Write the listing below out again word for word, without a single picture.
═════ Data below
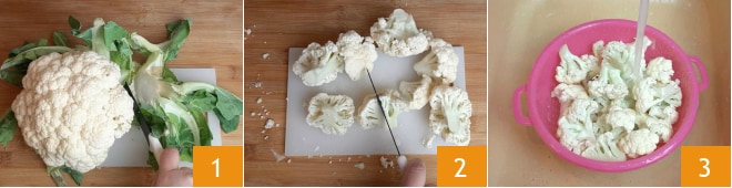 Para preparar o gratinado de couve-flor e radicchio, limpe a couve-flor retirando as folhas verdes 1 e o talo central, e sempre com a ajuda de uma faca de lâmina lisa, separe todos os floretes, dividindo ao meio os maiores 2. Transfira os floretes limpos para um escorredor e enxágue sob água fria 3.
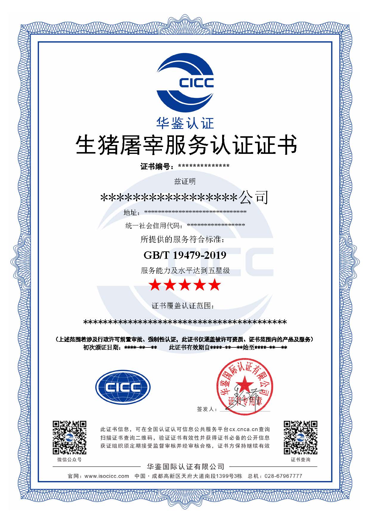 生猪屠宰服务认证证书
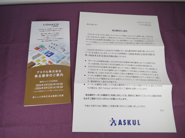 優待が利用可能になるのは2月12日からで5月12日まで約3ヶ月の利用期間があります。アスクルはシステム障害で新規注文など止まっていましたが、ようやく復帰して再び株主優待も使えるようになります。前回のクーポン券が使えなかった方にも今回再度使えるように案外が来ているようですね。
══════════
→ Response to this exercise
 Para preparar o gratinado de couve-flor e radicchio, limpe a couve-flor retirando as folhas verdes 1 e o talo central, e sempre com a ajuda de uma faca de lâmina lisa, separe todos os floretes, dividindo ao meio os maiores 2. Transfira os floretes limpos para um escorredor e enxágue sob água fria 3.
 生猪屠宰服务认证证书
 優待が利用可能になるのは2月12日からで5月12日まで約3ヶ月の利用期間があります。アスクルはシステム障害で新規注文など止まっていましたが、ようやく復帰して再び株主優待も使えるようになります。前回のクーポン券が使えなかった方にも今回再度使えるように案外が来ているようですね。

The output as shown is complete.